El Mundial de Fútbol Qatar 2022 está a una semana de llegar a su fin y las cábalas, tanto las viejas como las que se fueron construyendo en el último mes, están en su momento de demostrar que sí funcionan.
Es que la superficialidad que parece unir a unos y separar a otros, podría volverse universal cuando hablamos de las selecciones de fútbol mundial, sobre todo si sos de Argentina y uno de tus sueños es que la famosa “Scaloneta” pueda hacerle “upa” a la copa.
Las cábalas son utilizadas por creyentes pero también por científicos que se dedican a comprobar que la vida es una consecuencia de pruebas y no existe la buena o mala suerte si no está comprobada de manera empírica. Por este motivo, un sociólogo que reside en España se encargó de explicar los motivos de este debate.

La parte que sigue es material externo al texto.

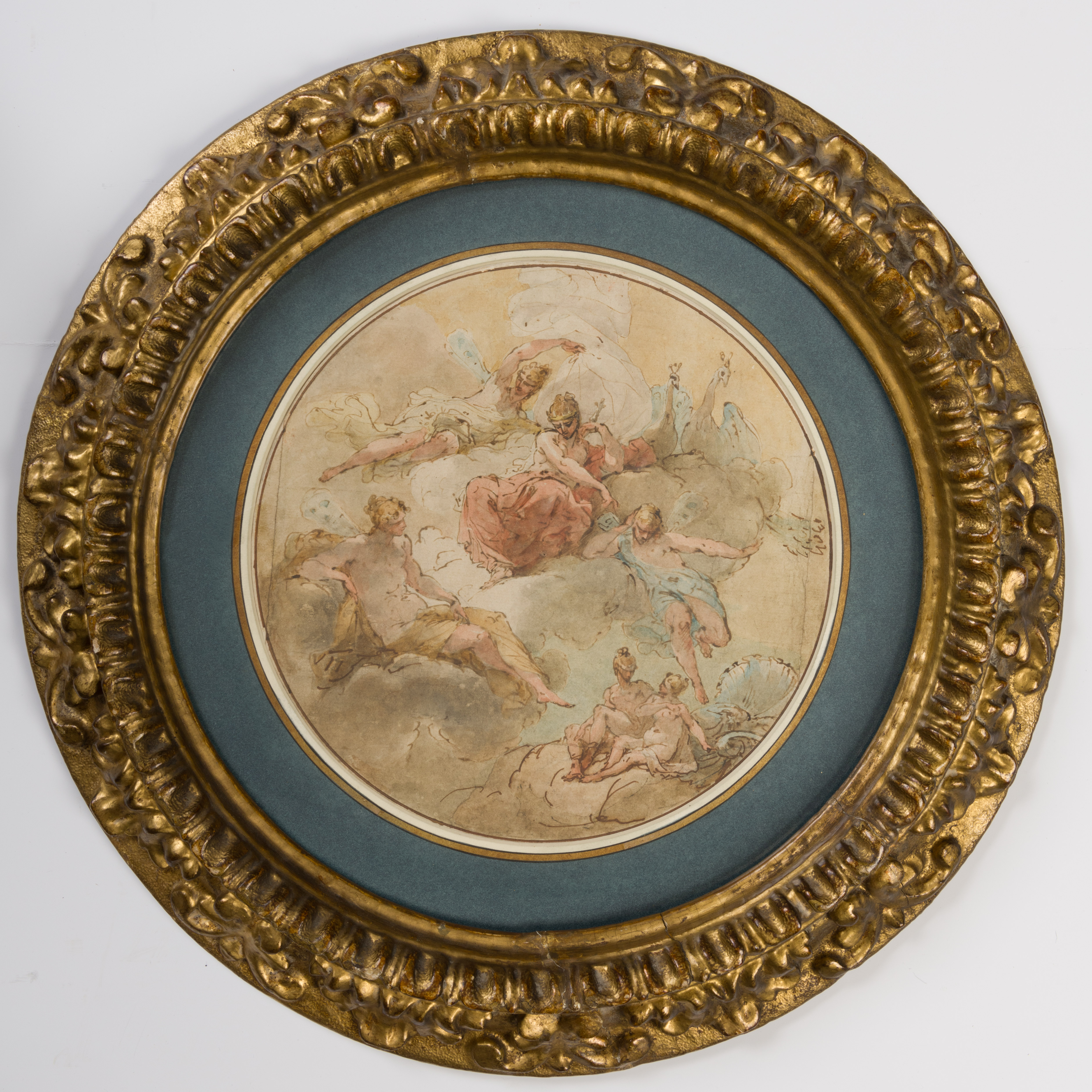 In medium, technique and handling, this drawing may be likened to a study of The Apotheosis of Venus(?), which was on the art market in 2001 and was in a private collection in Venice before recently being presented to the Musei Civici in Venice; that drawing is in turn a preparatory study for an easel painting by Pedrini in a private collection. Another stylistically comparable drawing is an ink and watercolour study of Venus and the Hours in the Museo Davia Bargellini in Bologna. A winged figure similar to that seen at the top of the present composition appears in a drawing by Pedrini of The Apotheosis of Hercules, formerly in the collection of the late John O’Brien and recently sold at auction, as well as in a study of The Muse Clio Crowned by Fame in the Schloss Fachsenfeld collection in Stuttgart.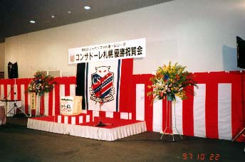 小話1997 J昇格確定&JFL優勝決定3(祝賀会編) 1997年10月22日 コンサデコンサ管理人 この日、札幌の厚別競技場でJFL優勝とJ昇格が決まりました。コンサドーレの選手達は、試合後、市内のホテルでビールかけを行いました。 この記事の目次 Toggle 優勝祝賀会会場乾杯大騒ぎ 優勝祝賀会会場 (写真:ゆかとすさん) 市内ホテルの屋外(駐車場?)に用意された優勝祝賀会会場。会場の用意されたビールは、もちろん全てユニフォームスポンサーのサッポロビール。 乾杯 (写真:ゆかとすさん) 壇上でのフェルナンデス監督の挨拶の後、一斉にビール掛けが始まりました。 大騒ぎ (写真:ゆかとすさん) 大騒ぎする選手達。誰が誰かはわかりますよね^^; 記事の共有: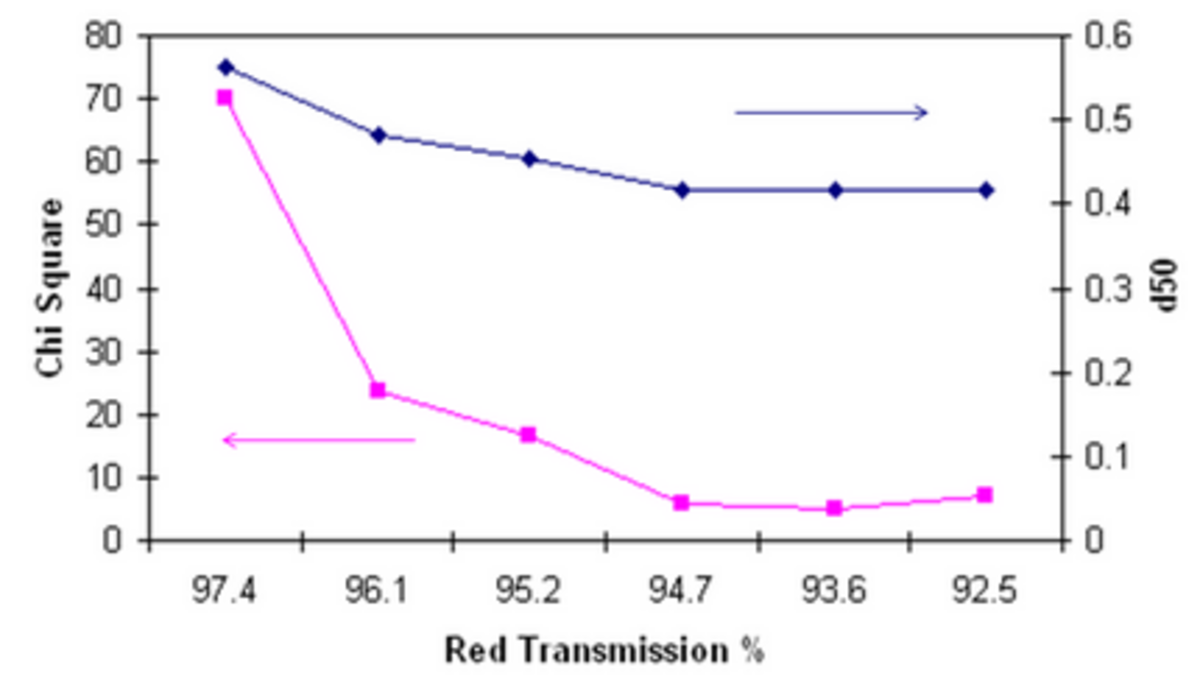 The LA-960 includes a Chi square error calculation that increases when there are fluctuations of light intensity on the detectors during the measurement. The Chi square value can be used to help choose the optimum concentration as show in the graph below. When the concentration is too low (high %T) the signal/noise ratio is high – creating a higher Chi square calculation. Once the %T falls below about 95 the Chi square value stabilizes, as does the reported D50 shown on the right Y axis.
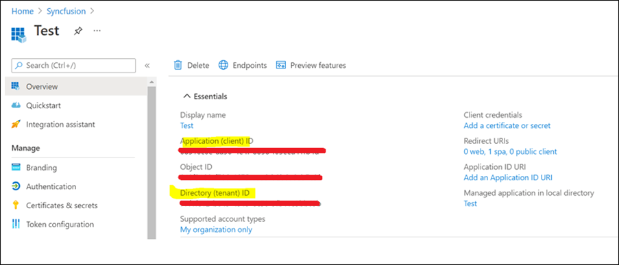 - Get the application client ID and directory tenant ID from the overview page (in the left pane).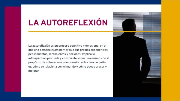 • La autoreflexión implica una conciencia profunda de los propios pensamientos, emociones, motivaciones y comportamientos. Esto incluye la capacidad de observarse objetivamente y reconocer las diferentes facetas de la propia personalidad.• La autoreflexión va más allá de simplemente observar. Implica un análisis crítico de las acciones y experiencias pasadas para comprender por qué se tomaron ciertas decisiones y cómo podrían manejarse de manera diferente. • La autoreflexión se realiza con la intención de crecimiento y mejora personal. Quienes practican la autoreflexión buscan identificar áreas en las que pueden aprender y desarrollarse, y están determinados a hacer cambios positivos en función de sus observaciones. • Aunque la autoreflexión busca la mejora, también implica aceptar y reconocer las propias imperfecciones y errores. Se trata de un equilibrio entre la autocrítica constructiva y la comprensión de que todos somos seres humanos en proceso de desarrollo. • La autoreflexión a menudo implica expresar los pensamientos y sentimientos internos, ya sea a través de la escritura, la conversación o la autoexpresión artística. Esto puede ayudar a clarificar los pensamientos y emociones, así como a procesar experiencias pasadas. • Al comprenderse a uno mismo más profundamente, es más probable que se desarrolle la empatía hacia los demás. Al reconocer los propios desafíos y luchas internas, se puede llegar a entender mejor las experiencias de los demás. La autoreflexión puede ayudar a las personas a alinear sus acciones y decisiones con sus valores y objetivos personales. Puede proporcionar claridad sobre lo que es importante y cómo se puede trabajar hacia esos objetivos.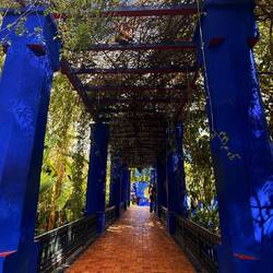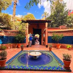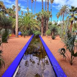 Nach der Erkundung der Medina besuchten wir den Jardín Majorelle. Dieser Garten, der einst Yves Saint Laurent gehörte, ist eine Oase der Ruhe. Die üppige Flora und die leuchtenden Farben der Pflanzen schufen eine entspannende Atmosphäre. Wir genossen die Stille und die künstlerische Gestaltung des Gartens, die einen schönen Kontrast zur Hektik der Stadt bildete.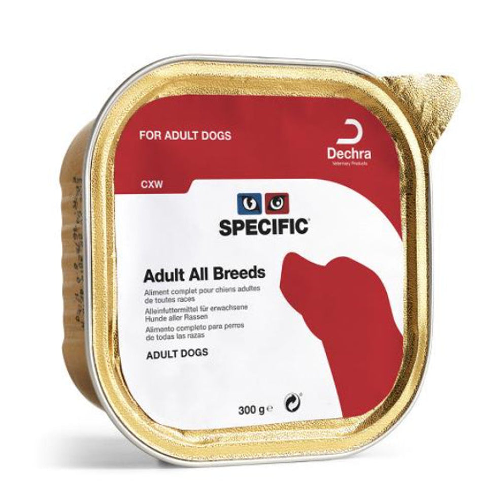 Specific All Breeds CXW is een complete natvoeding in patévorm voor volwassen honden van alle rassen. De voeding is rijk aan Omega-3 vetzuren die zorgen voor een gezonde vacht, huid en soepele gewrichten. De beperkte energiewaarde houden het ideale gewicht van de hond op peil. Daarnaast is er aan de voeding psyllium toegevoegd voor de ondersteuning van de spijsvertering. Het absorbeert vocht om de ontlasting steviger te maken en het helpt het spijsverteringsstelsel te reguleren.

Pablo Alabarces, escritor, sociólogo y licenciado en Letras por la Universidad de Buenos Aires que se ocupó durante 30 años de estudiar el significado cultural, social, económico y político del fútbol, expresó su punto de vista profesional y personal sobre esta creencia que hoy, mueve a gran parte de Argentina.
El científico está seguro de su afirmación: “Estaba en Salamanca, España. Tenía que dar una clase y fui a un bar a ver el primer tiempo. Argentina iba ganando 1 a 0 cuando tuve que cortar para dar la clase. Los 15 minutos siguientes los vi en una notebook y Arabia hizo los dos goles. Evidentemente la culpa fue mía".
Frente a la rivalidad que existe entre la creencia y lo experimental, Alabarces alegó que seguir un método científico no le impide ser más o menos cabulero, ni qué factores tener en cuenta a la hora de sentarse a ver un partido o quièn verlo.
La cábala pertenece al pensamiento supersticioso, que es tan antiguo como la humanidad. Tiene menos envergadura pero la misma racionalidad irracional de una creencia religiosa.
Por otro lado, en la disputa, un biólogo Sebastián Preliasco, alegó: “El problema no es si el pensamiento cabulero es empírico o no, sino cómo entendemos las relaciones entre las cosas. En la ciencia en particular costó mucho sacar el Dios de adentro, pero a partir de observar las relaciones entre los objetos, los dioses pierden centralidad en la explicación del sentido de la vida. Aparece así el razonamiento deductivo".